From: Johannes Schindelin <johannes.schindelin@gmx.de>

The merge-replay tests added in a follow-up commit need a way to set
up specific topologies with full control over blob contents, parent
order, and per-side trees. Sequencing plumbing commands or driving
plain `git fast-import` from shell quickly becomes unreadable for
the kinds of scenarios that exercise non-trivial merge resolution
(textual conflicts, semantic edits outside the conflict region,
intentional limitations such as new content on one side).
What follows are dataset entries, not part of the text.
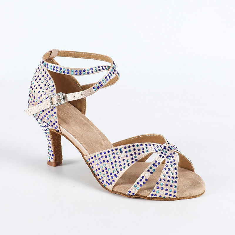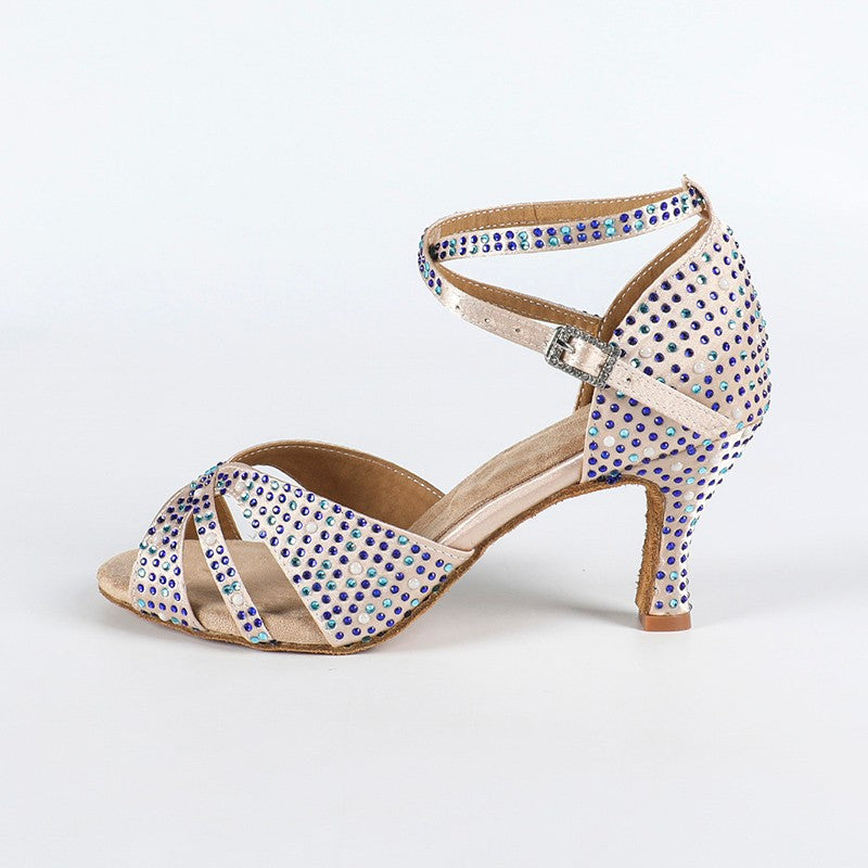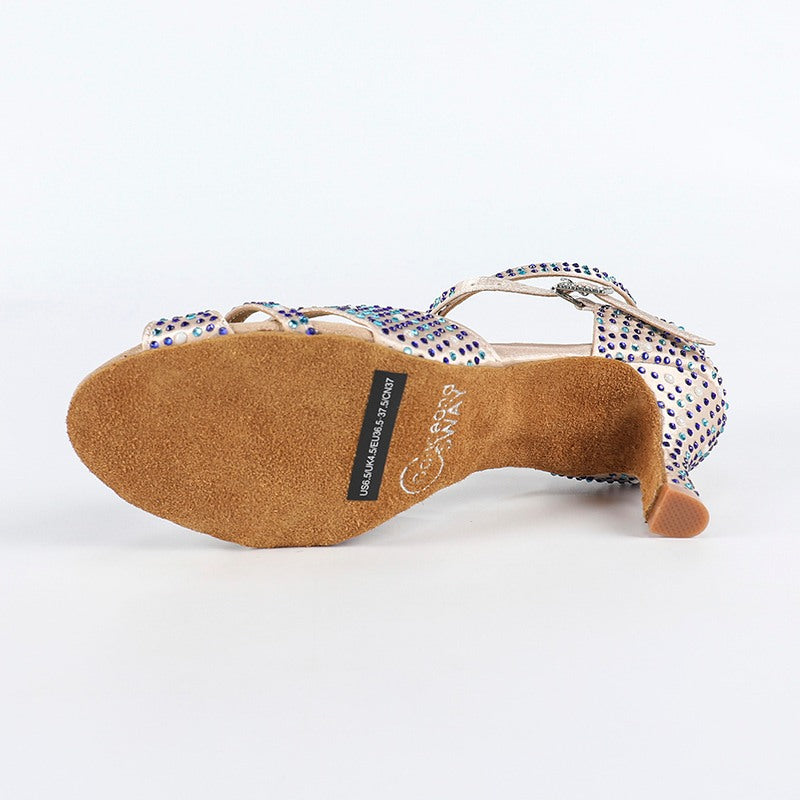 DS Women's Apricot Satin Customized Heel Latin Dance Shoes Ballroom Dance Shoes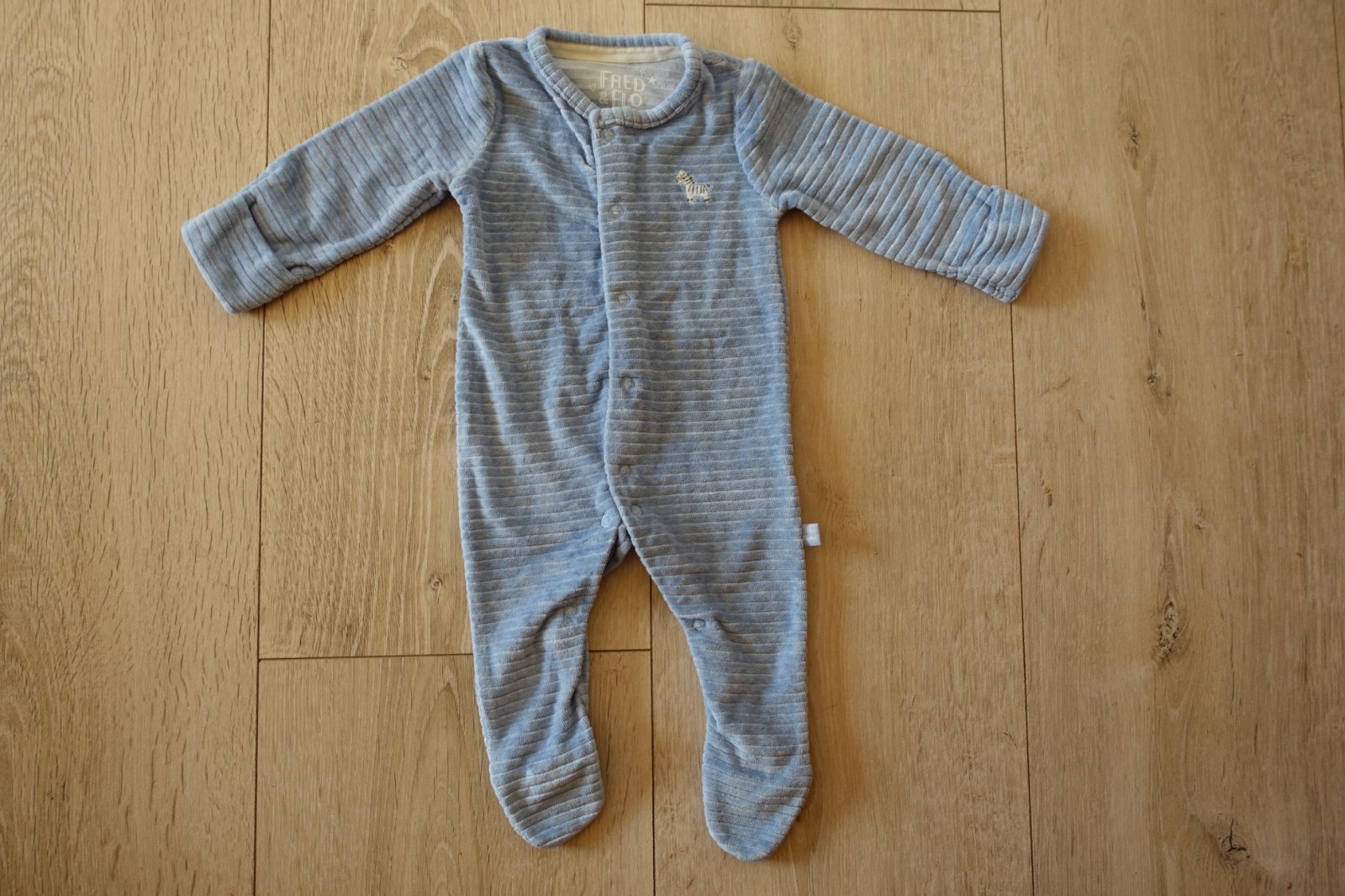 Predám krásny teplý pásikavý overalík so zebričkou. Nemá žiadne poškodenie. Mali sme ho 1x, kúpený neskoro, už nám bol malý, ale je top stav. Zahnuté rukáviky na rúčkach sa dajú stiahnuť a urobia rukavičky. Dĺžka od pliecka po pätu je 50 cm a od pliecka po rozkrok je 36 cm.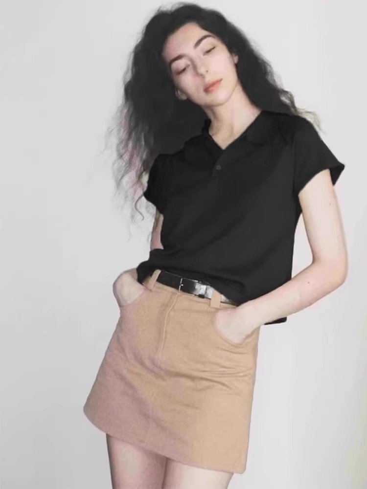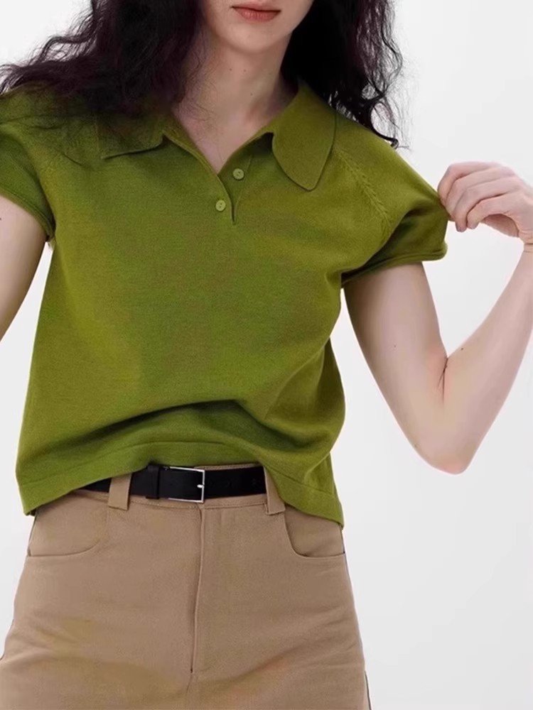 法式短款绿色Polo领正肩短袖t恤女夏季

Add a small `test-tool historian` subcommand that reads a tight,
shell-quoted, one-line-per-object DSL and feeds an equivalent stream
to a `git fast-import` child process. Each blob and commit is given
a logical name; the helper allocates fast-import marks on first use
and emits a lightweight tag for every commit so tests can refer to
the resulting object via `refs/tags/<name>`.
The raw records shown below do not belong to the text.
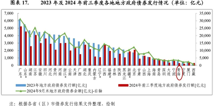 2023年及2024年前三季度,青海省分别发行地方政府债券569.78亿元和291.26亿元,发行规模在全国排名靠后;其中2023年新增债券和再融资债券发行额分别为208.79亿元和360.99亿元;全年债务还本支出合计372.88亿元,付息支出105.53亿元。截至2024年9月末,青海省地方政府债券存量余额为3416.28亿元。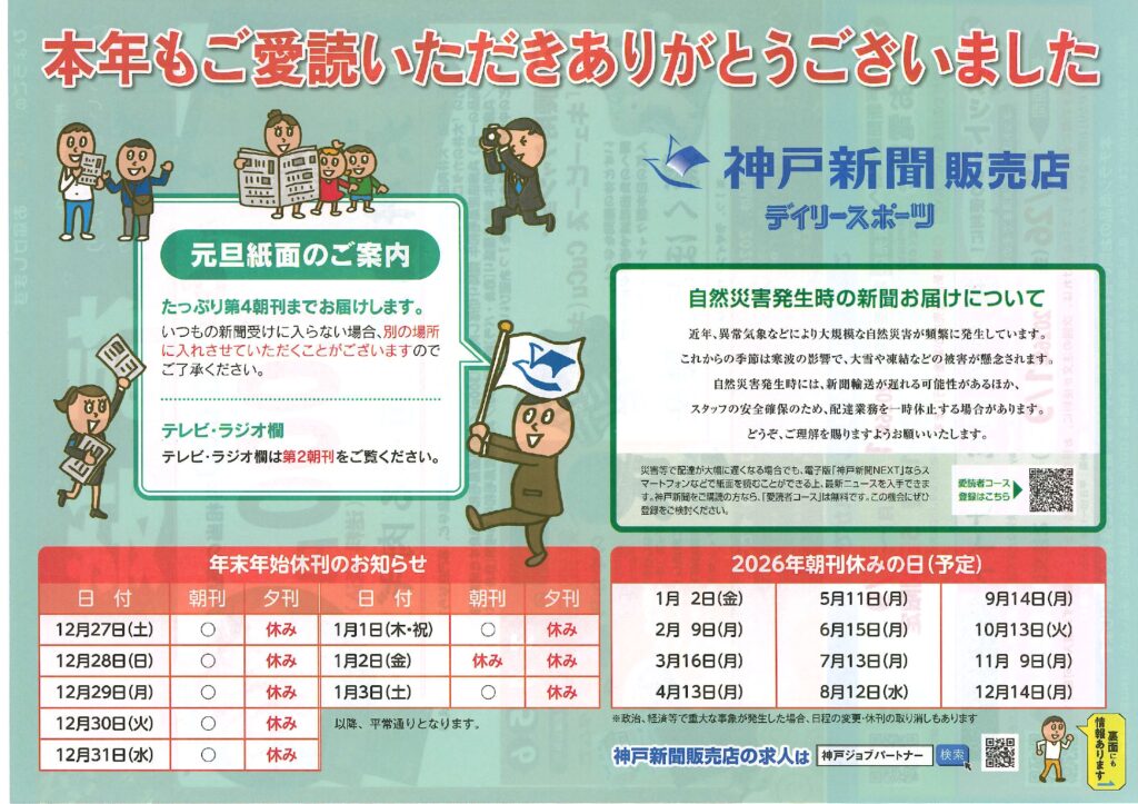 年末年始休刊をお知らせさせていただきます。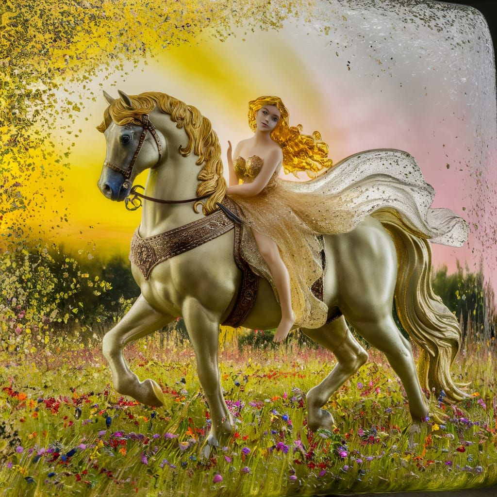 This image shows a beautiful young woman riding a horse through a golden meadow filled with wildflowers. The scene is rendered as shimmering glass art, with a fairy-tale magic aesthetic.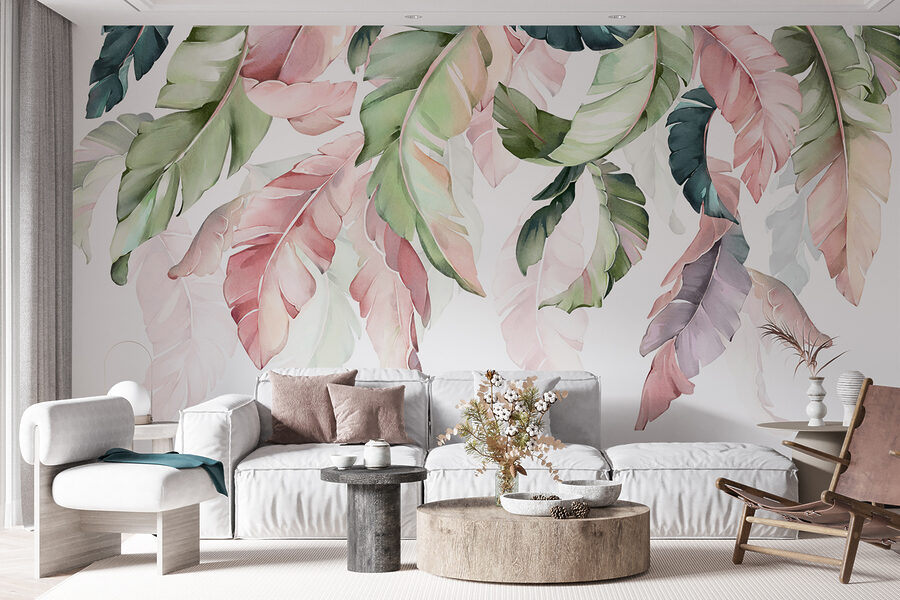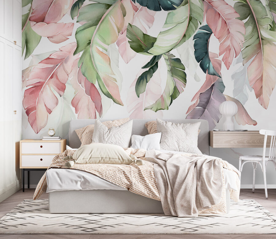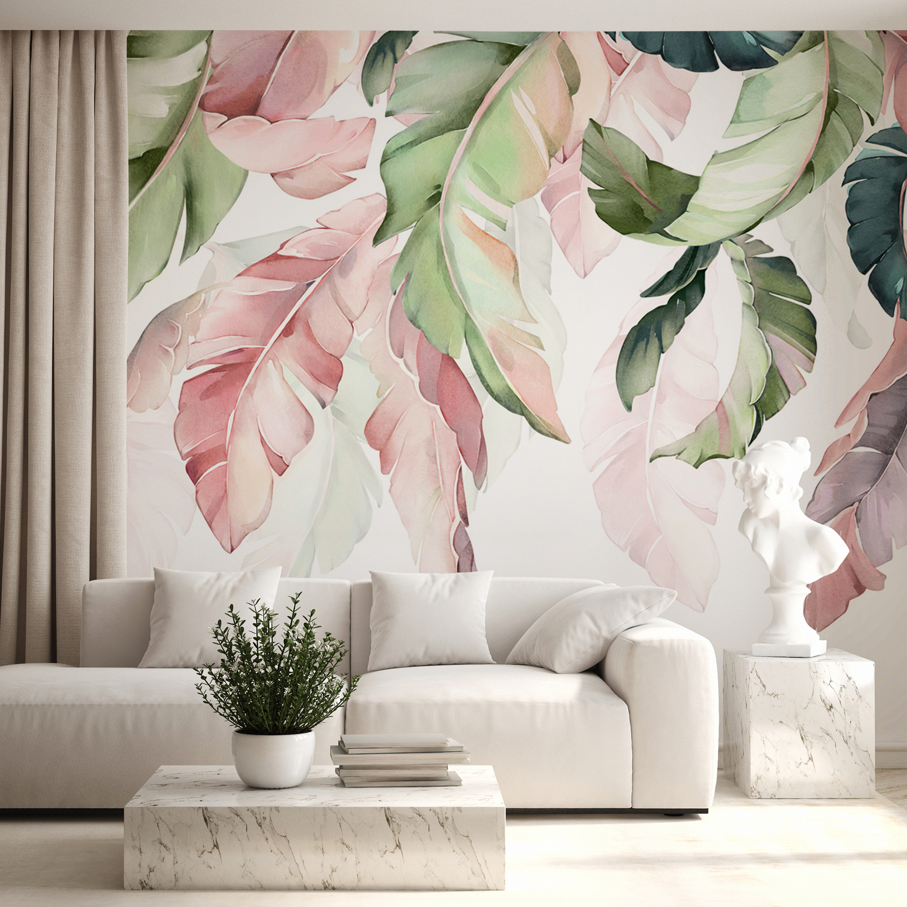 Premeňte akúkoľvek miestnosť na listnatý únik s touto úžasnou nástennou maľbou s farebnými listami tvoriacimi pôvabný baldachýn. Predstavte si, že vstúpite do svojho priestoru a budete mať pocit, akoby ste sa preniesli do pokojného lesa. Jemné odtiene zelenej, ružovej a mäkké vzory nielenže zdobia stenu – vyzývajú k hravej, ale zároveň upokojujúcej atmosfére, ktorá je ideálna na útulné večery alebo veselé rána. Či už ide o ústredný prvok obývacej izby alebo pozadie na domáce rozhovory, táto nástenná maľba dodáva nádych elegancie prírody bez potreby záhrady. Milovníci prírody určite ocenia túto atmosféru, nehovoriac o tom, že poslúži ako fantastický podnet na rozhovor. Nie je potrebný žiadny zelený palec!

The DSL has just two directives:

  blob NAME LINE...
  commit NAME BRANCH SUBJECT [from=NAME] [merge=NAME]... [PATH=BLOB]...
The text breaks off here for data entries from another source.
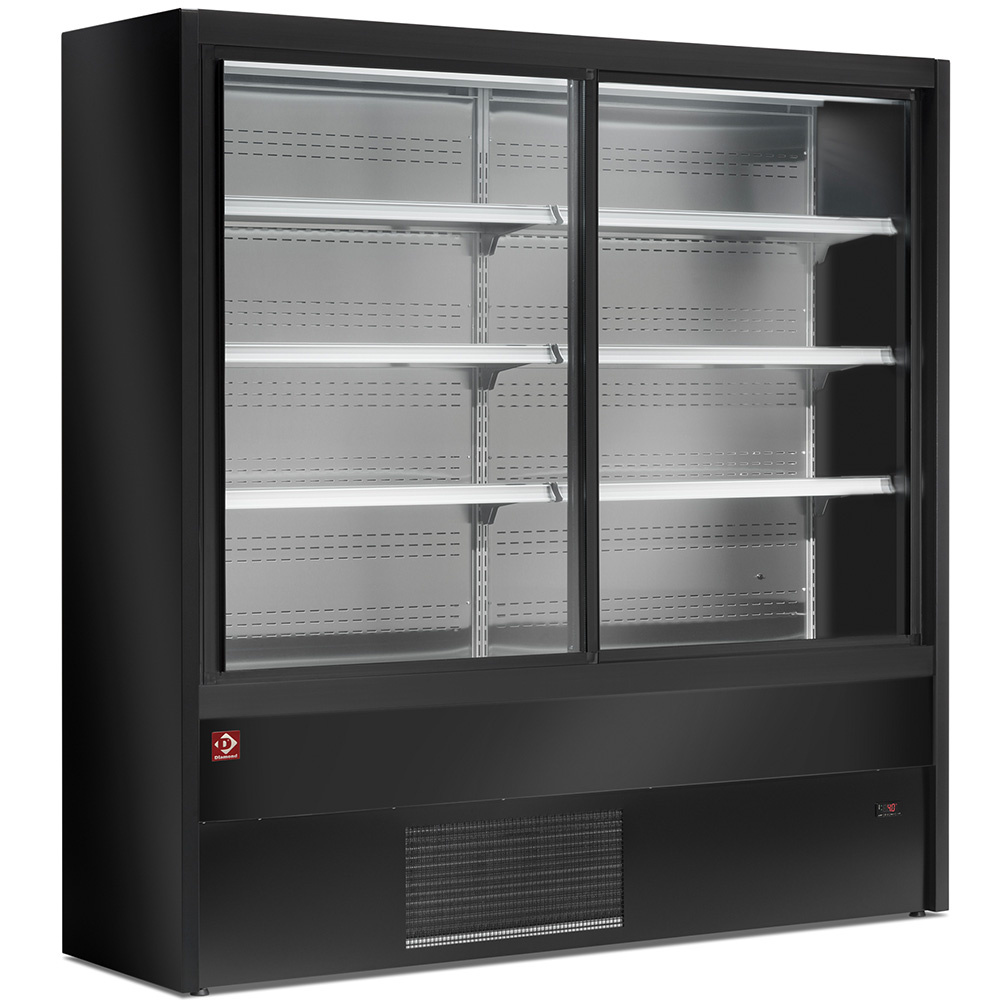 - 3 roestvrijstalen displayplanken (290 mm), voorzien van prijsaanduidingen, In hoogte verstelbare en kantelbare rekken (inclusief plexiglas om producten in een gekantelde positie te houden).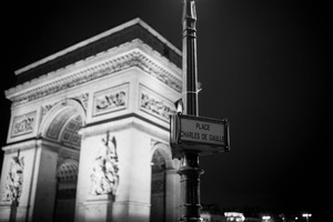 The photograph captures the grandeur of the Arc de Triomphe, its intricate sculptures illuminated against the dark night sky. A street sign reading 'Place Charles de Gaulle' is prominently featured, drawing the viewer's attention to the historic location. The monochromatic tones evoke a timeless mood, emphasizing the architectural beauty and significance of this iconic monument.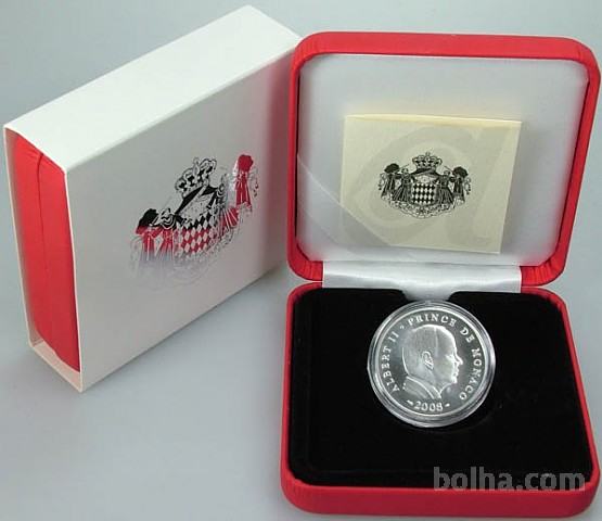 Prodaja se monaški srebrnik,letnik 2008.Nominalna vrednost 5 evrov.Kovanec je originalno zapakiran s certifikatom.Teža srebrnika je 12 gramov.Čistoča srebra je 900/1000.Premer 32 mm.

A blob's content is the listed lines joined with `\n` (and a final
`\n`); a commit's tree is exactly the listed PATH=BLOB pairs (the
helper emits a `deleteall` so nothing leaks in from the implicit
parent). Token splitting is delegated to `split_cmdline()` so quoted
arguments work as in shell. Marks for parent references and file
contents go through the same `strintmap`-backed name resolver, which
keeps the helper itself trivially small: blob writing, tree
construction, commit creation and merge-base computation are all
handled by `git fast-import`.

Note that the DSL reserves the names `from` and `merge` (with a
trailing `=`) for parent specification; a tree path called `from` or
`merge` cannot be expressed via this helper. That is acceptable here
because every input is a tightly controlled test fixture and the
filenames are chosen by the test author.

The helper trusts its caller: malformed input results in a
fast-import error rather than a friendly diagnostic.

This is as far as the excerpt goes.